Next, we examined if HC-3 sensitive choline uptake was altered in neurons from PS-1 M146V KI mice. Surprisingly, although cell surface levels of CHT1 were not significantly altered by PS-1 M146V mutation (Fig. 1d), there was a significant and age-dependent decrease in HC-3 sensitive choline uptake in cortical neurons from PS-1 M146V mutant mice compared with that in neurons from the wild-type animals (Fig 3a). Further kinetic studies with increasing concentrations of [3H] choline showed that there was a significant decrease in specific [3H] choline uptake in primary cortical neurons from PS-1 M146V mutant mice, which resulted in a significant increase in Km in the mutant animals compared with those in wild-type mice (Fig 3b, Table 1). The change in Vmax values in PS-1 M146V mutant mice was not significantly different from that in wild-type mice (Fig 3b, Table 1). These results indicate that primary cortical neurons exhibit biologically active CHT1 choline transport activity that is significantly reduced by the PS-1 M146V mutation, possibly by a mechanism involving a decreased ligand binding affinity of CHT1.

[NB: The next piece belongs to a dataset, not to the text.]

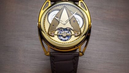 The organic design of this model combines Marc Newson’s signature style with Ressence’s oil-filled technology, powered by the patented ROCS (Ressence Orbital Convex System).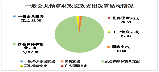 2024年度一般公共预算财政拨款支出5,210.60万元,主要用于以下方面:一般公共服务支出11.00万元,占0.21%;国防支出78.40万元,占1.5%;社会保障和就业支出5,012.78万元,占96.2%;卫生健康支出87.83万元,占1.69%;住房保障支出20.59万元,占0.4%。

Figure 3. Altered HC-3 sensitive choline uptake in primary neurons from PS-1 M146V knock-in mice.

Figure 3

(a) Primary cultures of cortical neurons from wild-type and PS-1 M146V mutant mice were established and maintained for different time periods, and specific [3H] choline uptake was measured with 1 μM of [3H] choline, and quantified by subtracting non-specific uptake (as determined by the choline uptake in the presence of 1 μM HC-3) from the total uptake. Significant decline in specific choline uptake in cortical neurons from PS-1 M146V mutant mice was clearly observed. (b) [3H] choline uptake was analyzed in 4-day old cultures of primary cortical neurons from wild-type and PS-1 M146V mutant mice with increasing concentrations of [3H] choline, and specific [3H] choline uptake was quantified by subtracting non-specific uptake (as determined by the choline uptake in the presence of 1 μM HC-3) from the total uptake. ***P<0.001 compared with corresponding values in cells from the wild-type mice. ANOVA with Scheffe’s post-hoc tests.

Table 1. PS-1 M146V mutation alters functional properties of CHT1 in primary neurons.

Primary cultures of cortical neurons from wild-type and PS-1 M146V mutant mice were established and maintained for 4 days, and specific [3H] choline uptake was measured with increasing concentrations (0.5, 1.0, 2.0, 5.0 and 10 μM) of [3H] choline, and quantified by subtracting non-specific uptake (as determined by the choline uptake in the presence of 1 μM HC-3) from the total uptake. While no significant difference was observed in values of Vmax in neurons from wild type and PS-1 M146V mutant mice, a significant decrease in Km was observed in neurons from the PS-1 M146 mutant mice. Ligand binding affinity of CHT1 (Kd) and levels of CHT1 in the plasma membrane (Bmax) in primary neurons from the wild-type and PS-1 M146V mutant mice were measured using HC-3 binding assays. Expression of the PS-1 M146V mutation resulted in a significant increase in Kd compared with that in neurons from the wild-type mice. The difference in Bmax between wild-type and PS-1 M146V mutant neurons was not statistically significant. These results indicate that PS-1 M146V mutation may reduce the choline uptake by altering CHT1’s ligand binding affinity without significantly altering cell surface expression of CHT1.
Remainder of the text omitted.